> **Data for this exercise**:
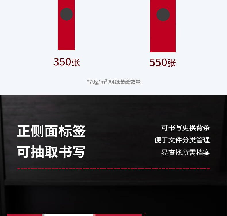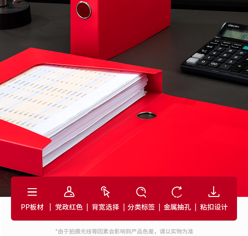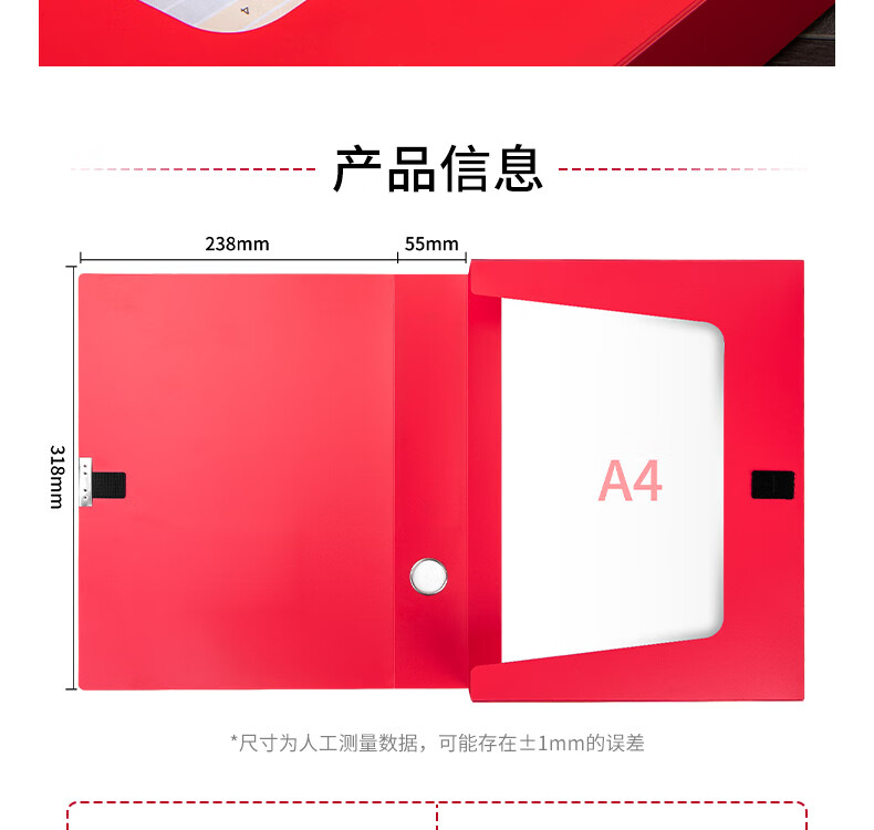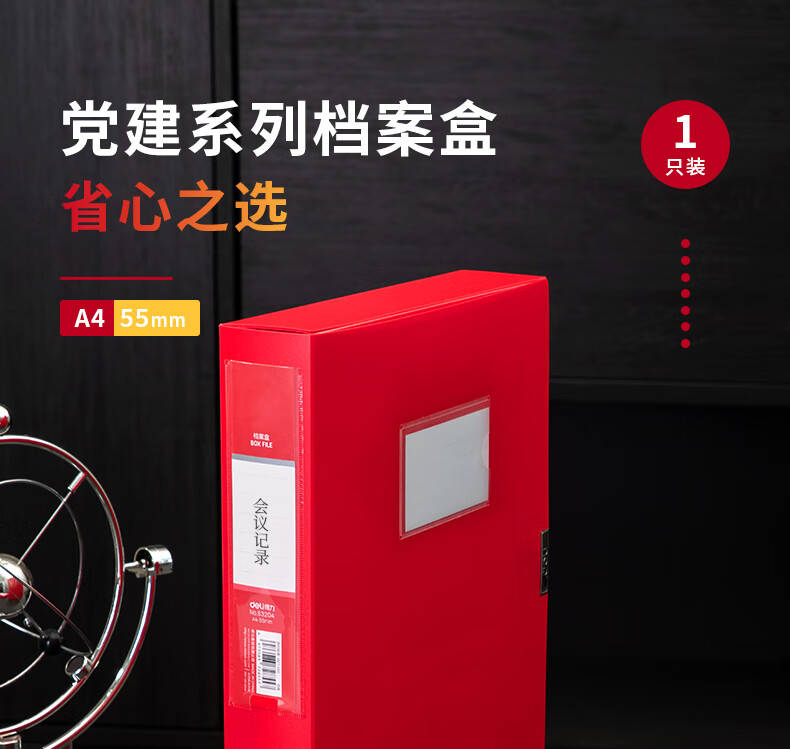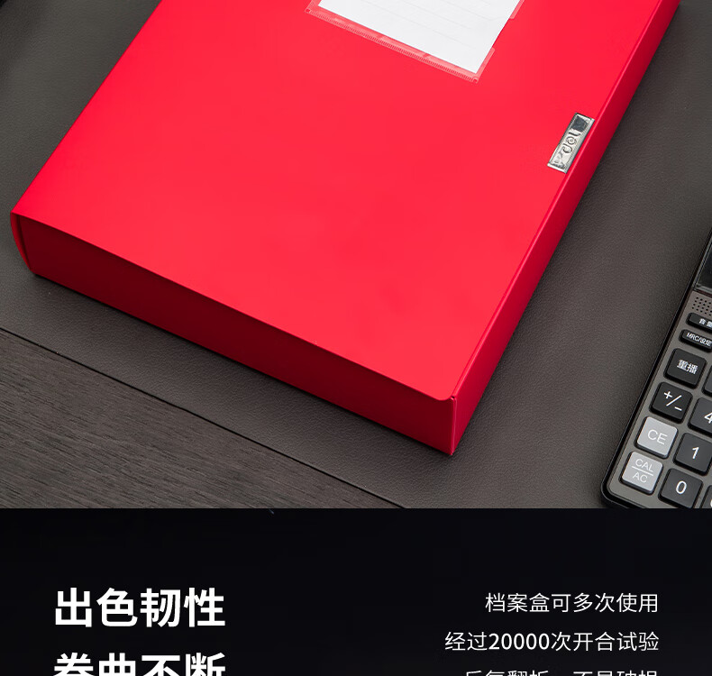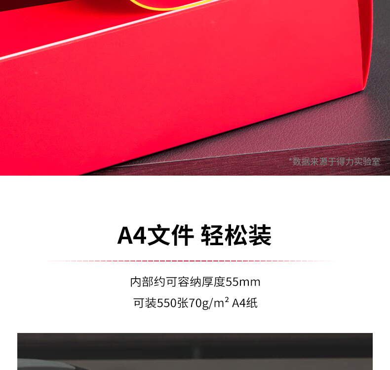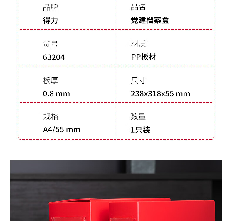 “deli/得力”No.63204 檔案盒 單個裝(紅色A4/55mm粘扣塑料文件盒資料盒憑證文件收納盒財(cái)會用品辦公用品)
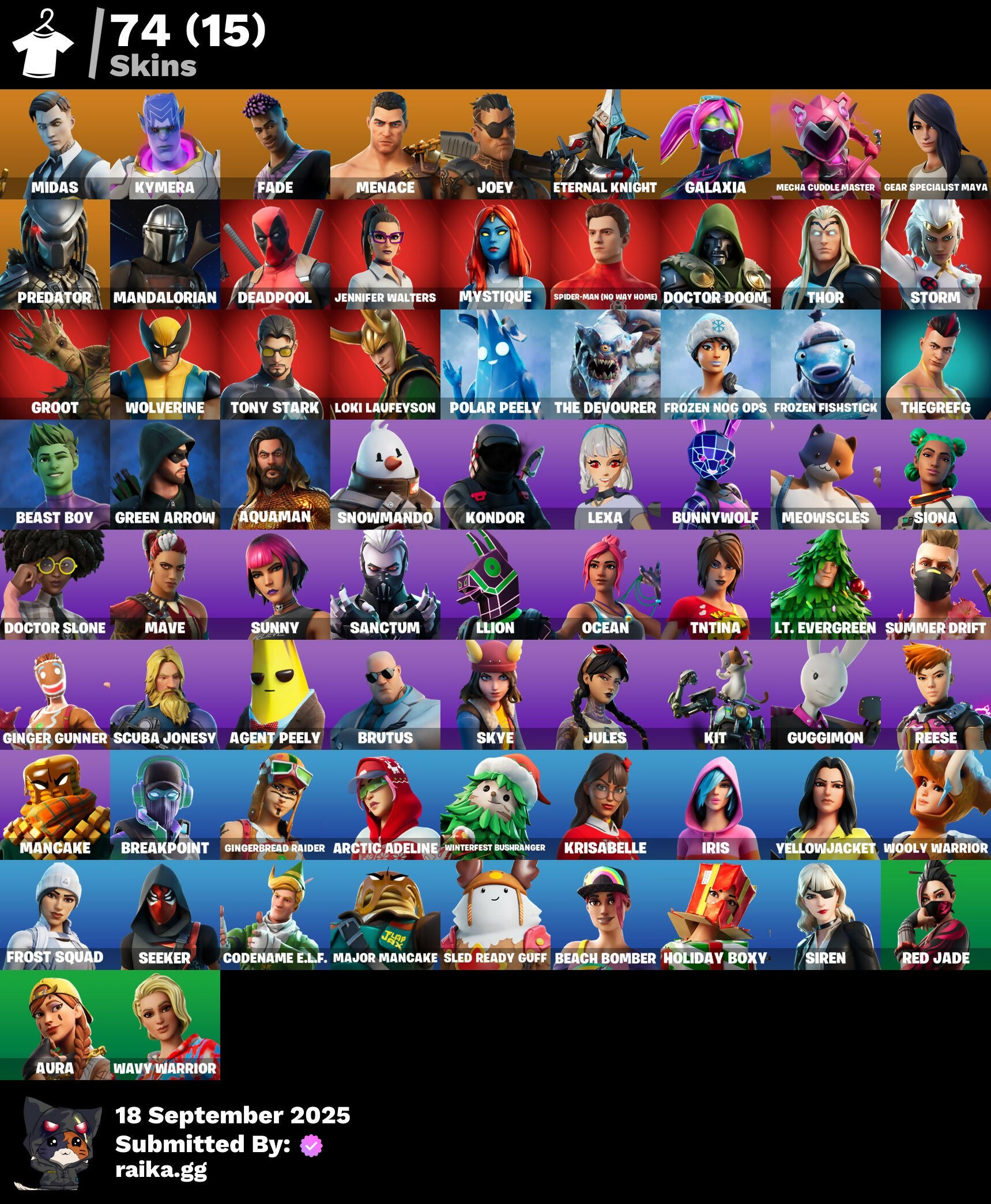 [PC/PSN/XBOX] 74 skins | Midas | Kymera | Fade | Menace | Joey | Eternal Knight | Galaxia | Mecha Cuddle Master | Gear Specialist Maya | Predator | 500 VB / Fortnite
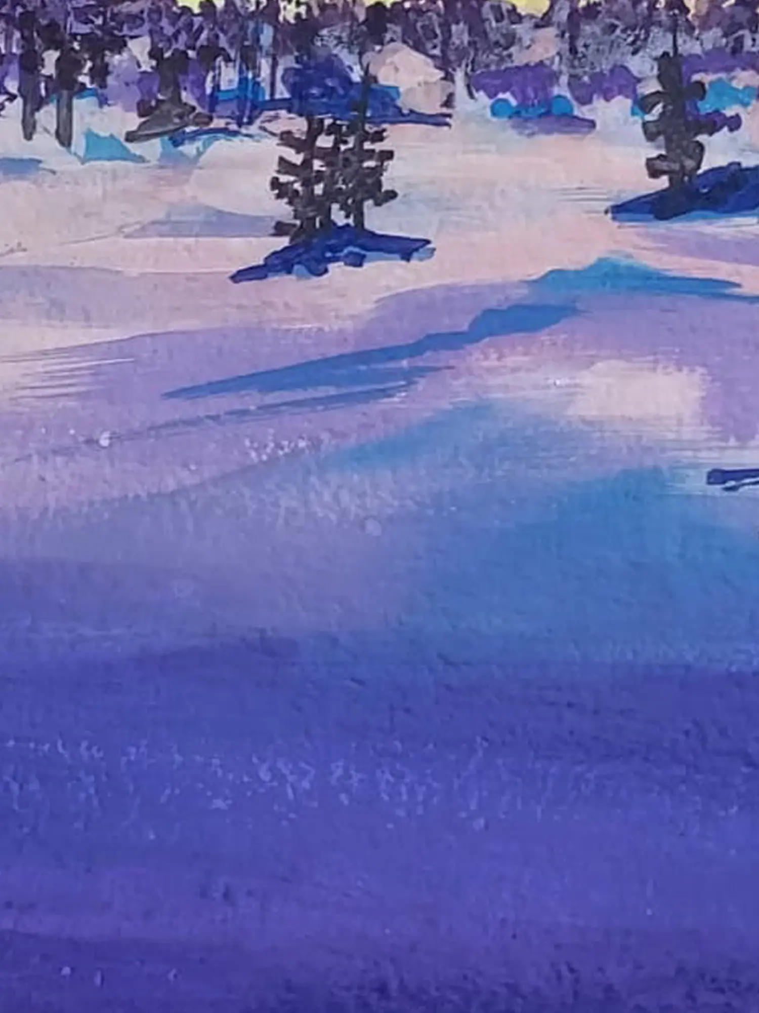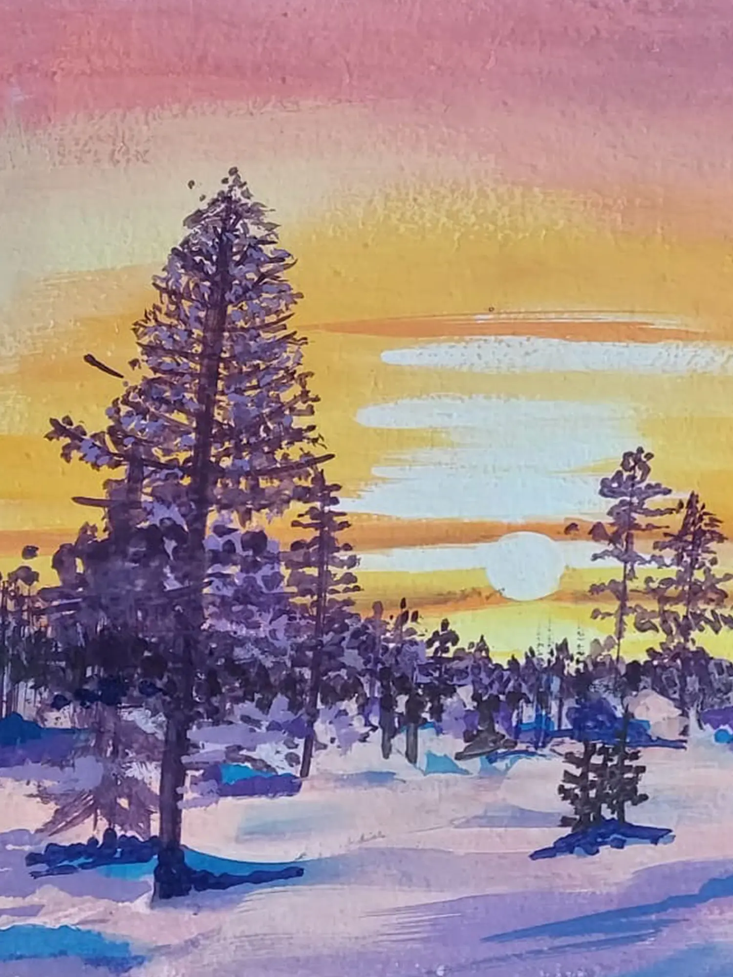 Aditi Junnare's poster color on watercolor paper painting unveils a captivating dreamscape, that artists strive to portray or wish to experience. This mesmerizing snow-clad landscape is a symphony of purple and orange tones, capturing the sun's reflection on crystalline snow. Trees, almost snow-laden but gracefully standing, contribute to a scene straight from the realms of fantasy.
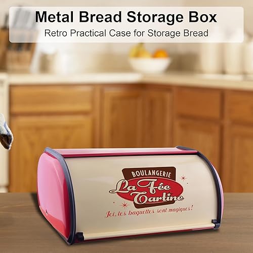 Boîte à pain avec couvercle à rouleau Récipient à pâtisserie à pain Comptoir de cuisine Revêtement en poudre Facile à nettoyer Poignées en acier inoxydable Design unique
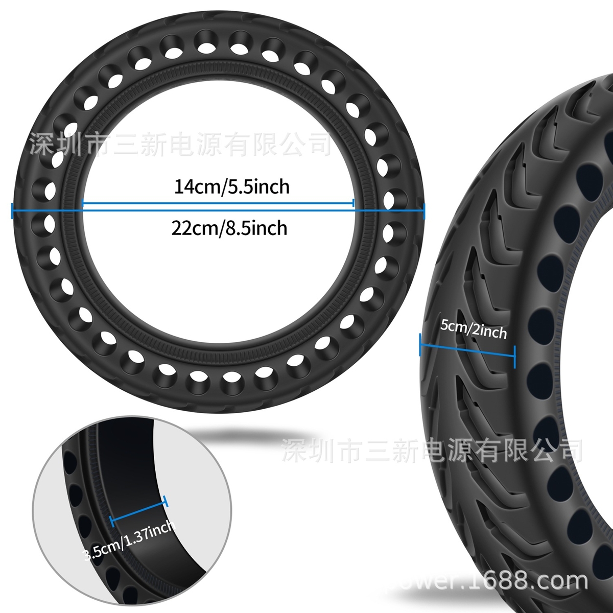 Cauciucuri pline antipana pentru trotinete electrice cu dimensiunea rotii de 8,5 inch (8 1/2 x2)
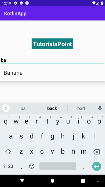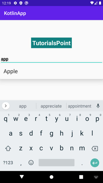 <?xml version="1.0" encoding="utf-8"?> <RelativeLayout xmlns:android="http://schemas.android.com/apk/res/android" xmlns:tools="http://schemas.android.com/tools" android:id="@+id/relativeLayout" android:layout_width="match_parent" android:layout_height="match_parent" tools:context=".MainActivity"> <TextView android:id="@+id/text2" android:layout_width="wrap_content" android:layout_height="wrap_content" android:layout_centerHorizontal="true" android:layout_marginTop="70dp" android:background="#008080" android:padding="5dp" android:text="TutorialsPoint" android:textColor="#fff" android:textSize="24sp" android:textStyle="bold" /> <AutoCompleteTextView android:id="@+id/text" android:layout_width="match_parent" android:layout_height="wrap_content" android:layout_below="@+id/text2" android:layout_marginTop="20dp" android:hint="Enter fruit name" android:textColor="@android:color/background_dark" android:textStyle="bold" /> </RelativeLayout>
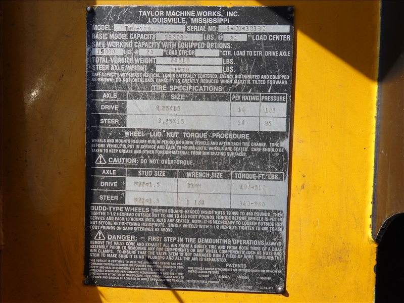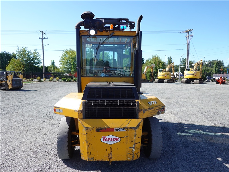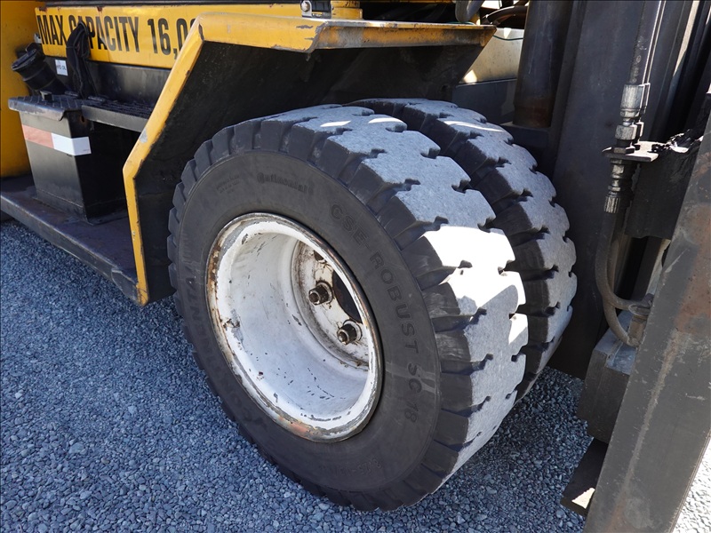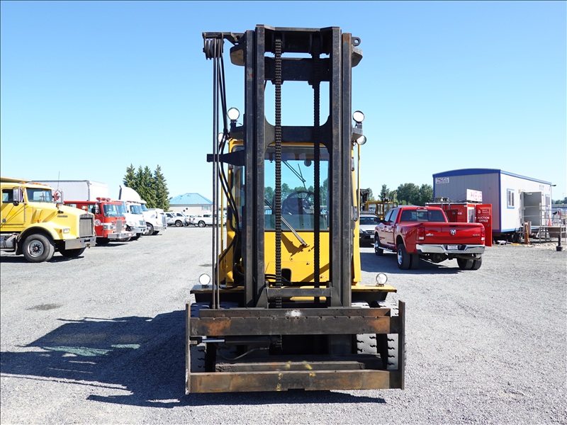 11,000 LB DUAL SOLID TIRE FORKLIFT, 216" LIFT HEIGHT, 2-STAGE MAST, SIDESHIFT, CUMMINS 4 CYL DIESEL, CAB (**NO FORKS**)
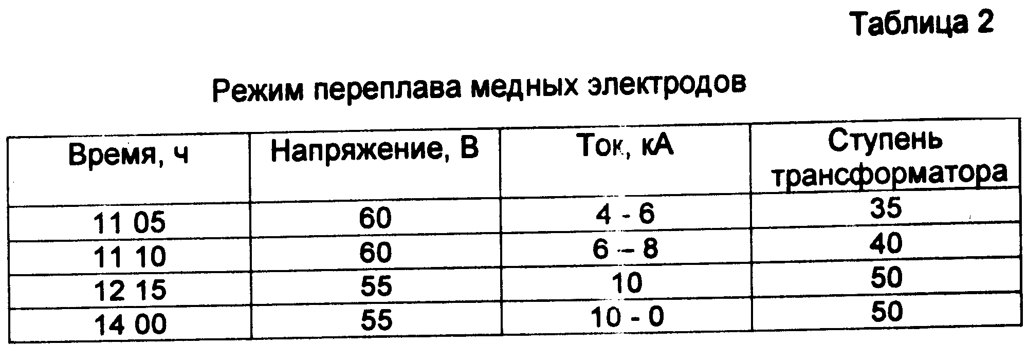 При переплаве медного электрода придерживались режима переплава, представленного в табл.2.

> **The problem**: Copy the lines above exactly, starting with the line that contains "[PC/PSN/XBOX] 74 skins" and ending with the line that contains "Cauciucuri pline antipana", and leave out any pictures.

> **Solution for this exercise**:
 [PC/PSN/XBOX] 74 skins | Midas | Kymera | Fade | Menace | Joey | Eternal Knight | Galaxia | Mecha Cuddle Master | Gear Specialist Maya | Predator | 500 VB / Fortnite
 Aditi Junnare's poster color on watercolor paper painting unveils a captivating dreamscape, that artists strive to portray or wish to experience. This mesmerizing snow-clad landscape is a symphony of purple and orange tones, capturing the sun's reflection on crystalline snow. Trees, almost snow-laden but gracefully standing, contribute to a scene straight from the realms of fantasy.
 Boîte à pain avec couvercle à rouleau Récipient à pâtisserie à pain Comptoir de cuisine Revêtement en poudre Facile à nettoyer Poignées en acier inoxydable Design unique
 Cauciucuri pline antipana pentru trotinete electrice cu dimensiunea rotii de 8,5 inch (8 1/2 x2)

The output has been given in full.